Train our police to act with sensitivity, not brutality
The brutal murder of Nateniël Julies is a stark reminder that our efforts to combat police brutality and strengthen accountability still fall woefully short.
The South African Police Service (SAPS) has to take steps to protect lives and strengthen the safety of our communities.
It would be wise to invest more money in our police — to provide them with more training for dealing with tense situations and on techniques to subdue suspects without injuring or killing them.
We need to make police more sensitive and responsive to their communities. We need them to be better trained in race relations and arrest techniques. We need to identify and remove officers who apply their racism to their jobs.
We need law enforcement to be more transparent and answerable for their actions. And we need to keep holding them accountable.
There is also an urgent need for peer intervention. Peer intervention training instils the idea that officers have a duty to act as a check on their fellow officers’ misconduct, such as using excessive force, planting evidence or lying in reports, and that police are legally obligated to quickly stop an officer from committing an act of improper policing.
Hopefully our police will be able to provide a more effective service, which will put them in a position to fulfil their mission of creating a safe and secure environment for all who live in SA.
Zaakir Said, Durban
Mthombothi is absolutely right
In his article, “Mthombothi is wrong, Ramaphosa is rebuilding our country brick by brick” (August 30), Lumko Mtimde, the special adviser to the minister in the presidency and an ANC and SACP member, defends President Cyril Ramaphosa by claiming that he is bound by the powers entrusted to him by the constitution, and cannot act ultra vires.
This is true, but Mthombothi criticised Ramaphosa as leader of the ANC, not as president of the country. In that capacity he has much wider powers to stop the rot, corruption and criminal patronage so rampant in the party he leads.
Mtimde claims that “the ANC remains fully committed to continue to work with the nation to create jobs, end poverty and build a better life for all”. Really? Remains fully committed? Continue to work with the nation? In other words: business as usual.
He continues: “Voters are not idiots.” I could not agree more. That is why these voters will no longer accept such facile platitudes. They have witnessed years and years during which ANC MPs staunchly defended their leader Jacob Zuma, all of them (including Ramaphosa, by the way) repeatedly voting against any effort to stop Zuma’s nefarious deeds, while shouting down and ridiculing anyone trying to call out his corruption and looting.

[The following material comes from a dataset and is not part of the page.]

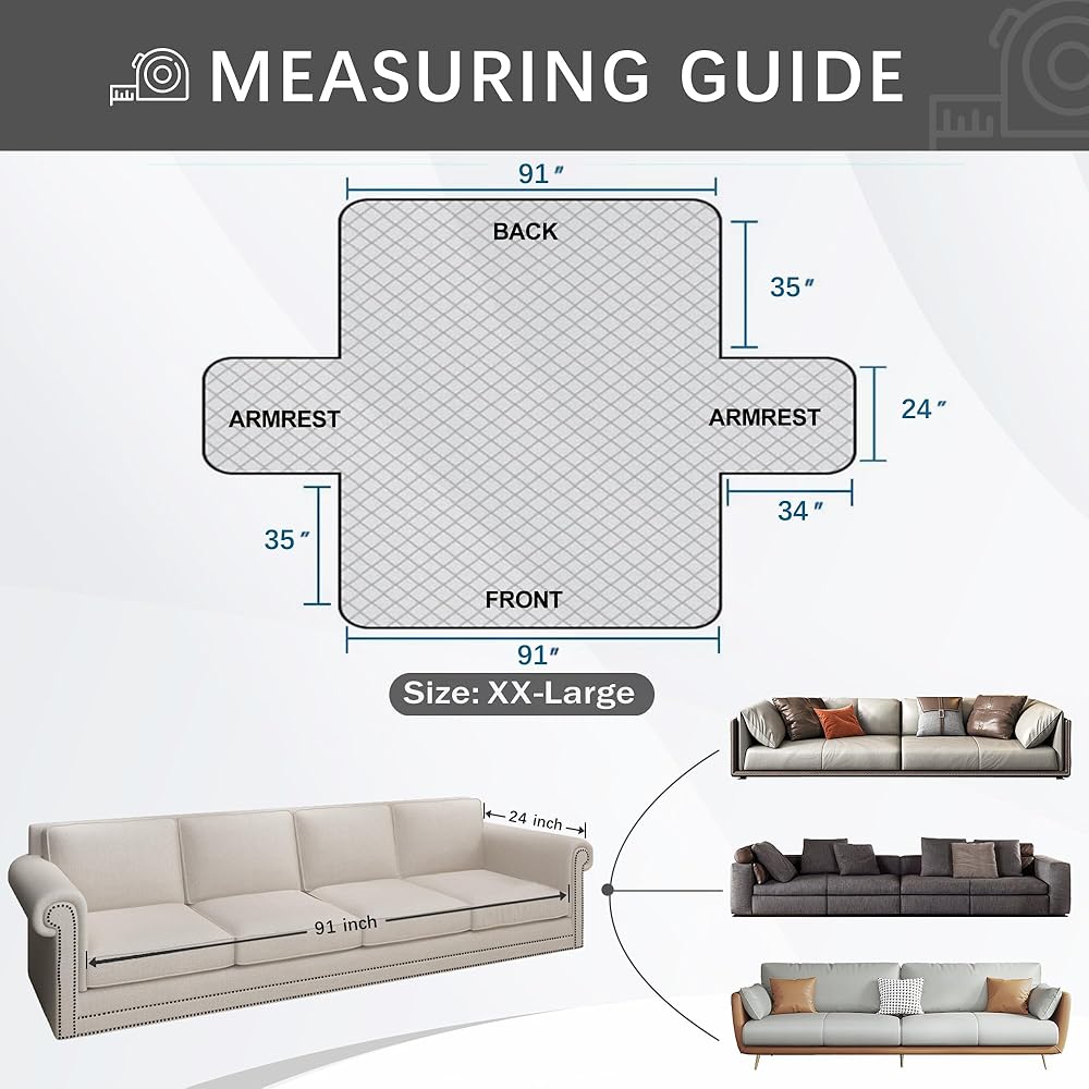 Multi-size Options: We offer couch covers for sofa and chairs of all sizes: Small chair covers armchair slipcovers (23" Seat Width), Medium loveseat covers (45"), Medium-XL love seat couch covers (54"), Large couch covers for 3 cushion couch sofa (68"), X-Large sofa covers for 3 cushion couch (78"), and XX-Large oversized couch cover (90"). Please measure your sofa seater width using the detailed guide in images

Voters have noted how compromised people like Mosebenzi Zwane, Tony Yengeni, Faith Muthambi, Bongani Bongo,
Tina Joemat-Pettersson and others have been appointed by the ANC as parliamentary committee chairs. Voters are aware that known corruption kingpins continue to occupy top leadership positions in the party. Voters are now discovering the shocking extent of Covid tender corruption within the ANC.
As Mtimde claims that “Ramaphosa is rebuilding our country brick by brick”, “to undo years of mayhem, collapse and destruction”, will he dare to tell us who broke it down in the first place?
No, Mthombothi is not wrong. He is absolutely right. The voters know that corruption is the glue that keeps the ANC together. And as he rightly says in his latest Sunday Times article: for the fight against corruption to succeed, the ANC must die. Roel H Goris, Knysna
Living in another country
Surely Lumko Mtimde does not really expect anyone to take his comments seriously. As a special adviser in the presidency he is merely looking after his job and clearly cannot be impartial.
You, Mr Editor, need to be commended for giving column inches for criticism of [columnist Barney Mthombothi’s] views, a scenario that is definitely not present in another newspaper group.
Mtimde must be living in another country because he tells us that children from poor communities have access to free education and 6-million workers have had their lives improved.
He obviously does not know about the programme by a financial journal that takes learning tools and books to remote communities who have 12-year-old children with the learning skills of sixyear-olds; and he conveniently omits to mention the horrific unemployment rate.
He is right that voters are not idiots and are tired of plan after plan that is drawn up to deal with job creation, corruption, social services — all of which never get past the embryo stage.
Mtimde should engage with people in the real world, where salaries and wages have to be earned and not just supplied because you work for the government.
Tony Ball, Gillitts, KwaZulu-Natal
More strength to her arm
Great interview by Chris Barron of our top investigator Hermione Cronje. Interesting to see details of progress on the coal front.
I just could not understand her comment: “I’ve been plodding along for a year with a substandard team.” There is no shortage of chartered accountants and legal eagles to join her team. And our national budget set aside R1.2bn in the medium term to prop them up. My hope is that the problem is not transformation. We are relying on her and waiting for the next progress report. Good luck!